WORK INSTRUCTION: Please leave out pictures and print exactly the lines from the one that has "žádáme občany a" through the last line of the material below.

PROVIDED DATA:

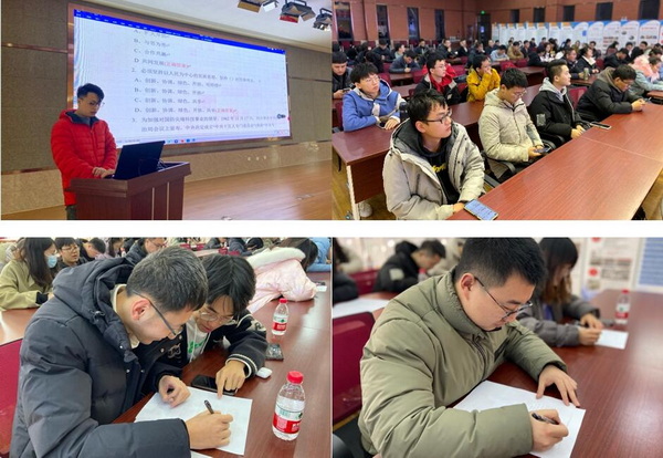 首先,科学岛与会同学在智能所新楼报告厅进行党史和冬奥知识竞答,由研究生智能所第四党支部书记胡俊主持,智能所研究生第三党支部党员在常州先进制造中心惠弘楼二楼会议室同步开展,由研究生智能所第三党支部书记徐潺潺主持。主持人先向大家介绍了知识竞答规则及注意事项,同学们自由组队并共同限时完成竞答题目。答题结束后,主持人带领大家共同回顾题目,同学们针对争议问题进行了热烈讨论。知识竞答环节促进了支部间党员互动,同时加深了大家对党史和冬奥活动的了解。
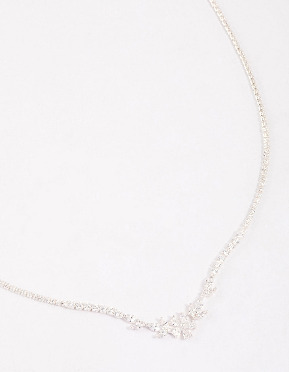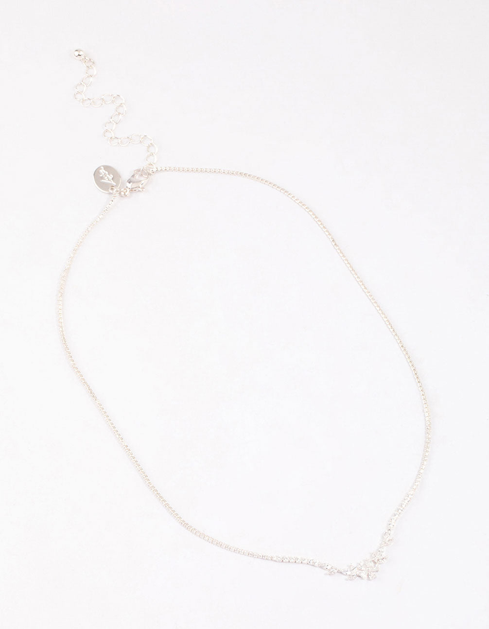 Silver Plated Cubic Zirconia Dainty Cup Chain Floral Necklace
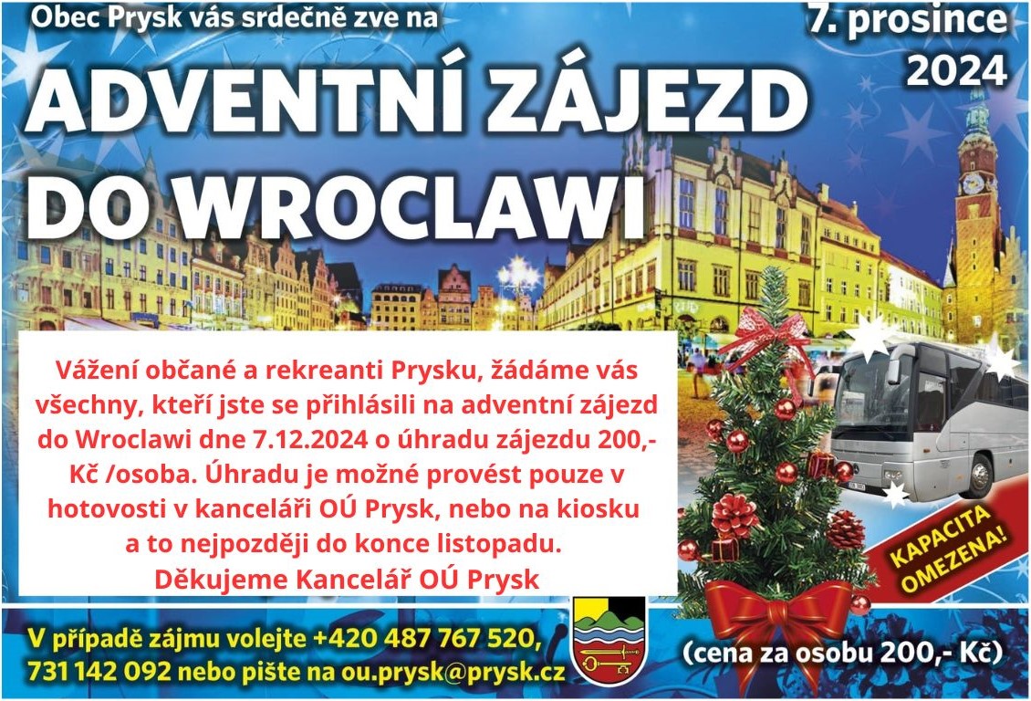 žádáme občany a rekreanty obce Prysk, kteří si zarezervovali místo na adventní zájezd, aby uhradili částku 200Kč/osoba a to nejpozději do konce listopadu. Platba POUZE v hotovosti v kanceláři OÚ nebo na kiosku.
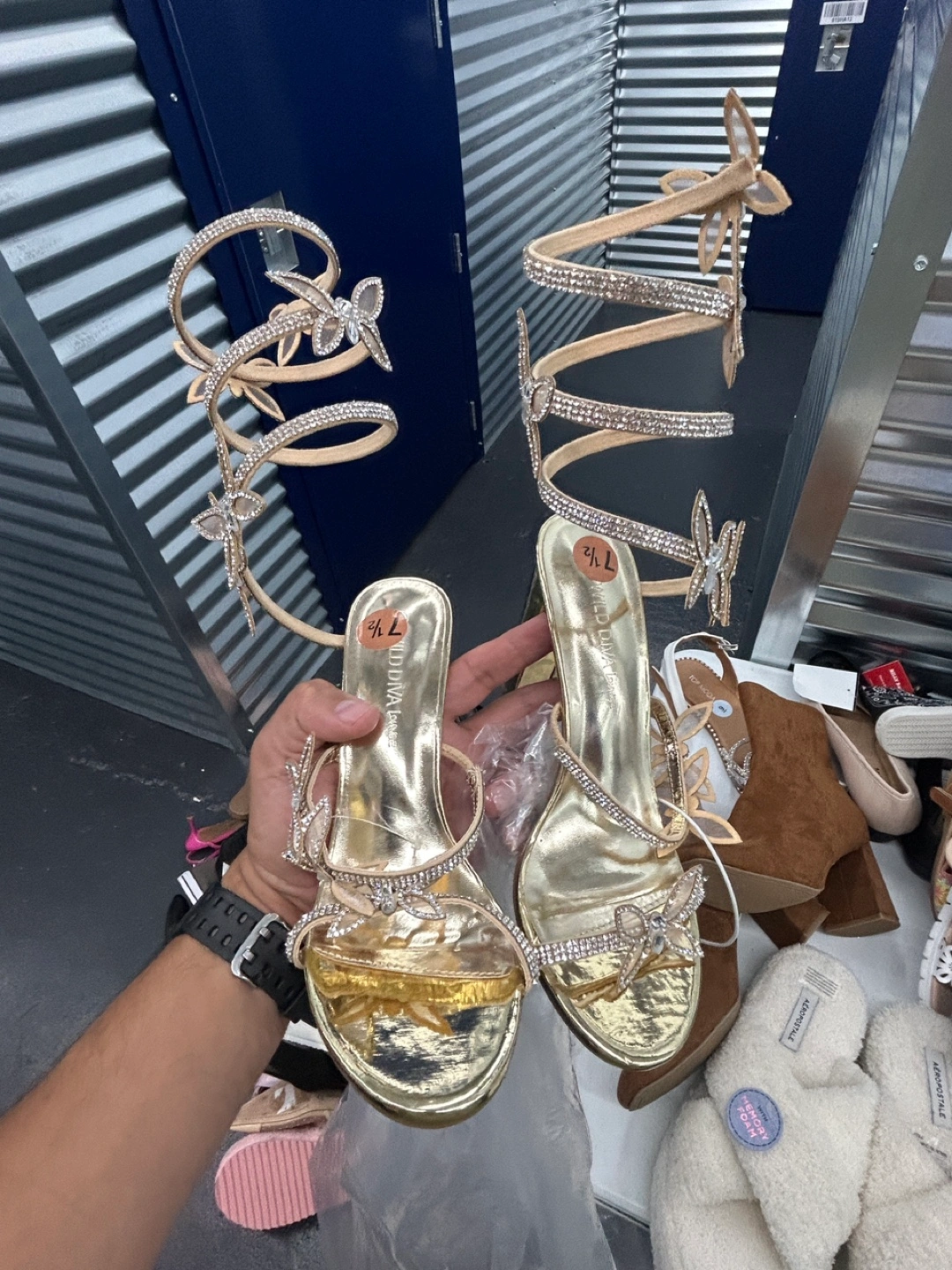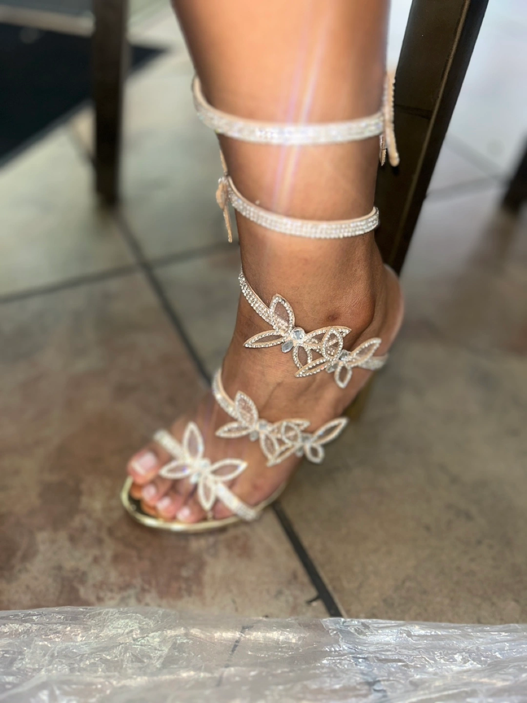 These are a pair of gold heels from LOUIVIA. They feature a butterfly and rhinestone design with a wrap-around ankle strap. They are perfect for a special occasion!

ANSWER TO THIS TASK:
 žádáme občany a rekreanty obce Prysk, kteří si zarezervovali místo na adventní zájezd, aby uhradili částku 200Kč/osoba a to nejpozději do konce listopadu. Platba POUZE v hotovosti v kanceláři OÚ nebo na kiosku.
 These are a pair of gold heels from LOUIVIA. They feature a butterfly and rhinestone design with a wrap-around ankle strap. They are perfect for a special occasion!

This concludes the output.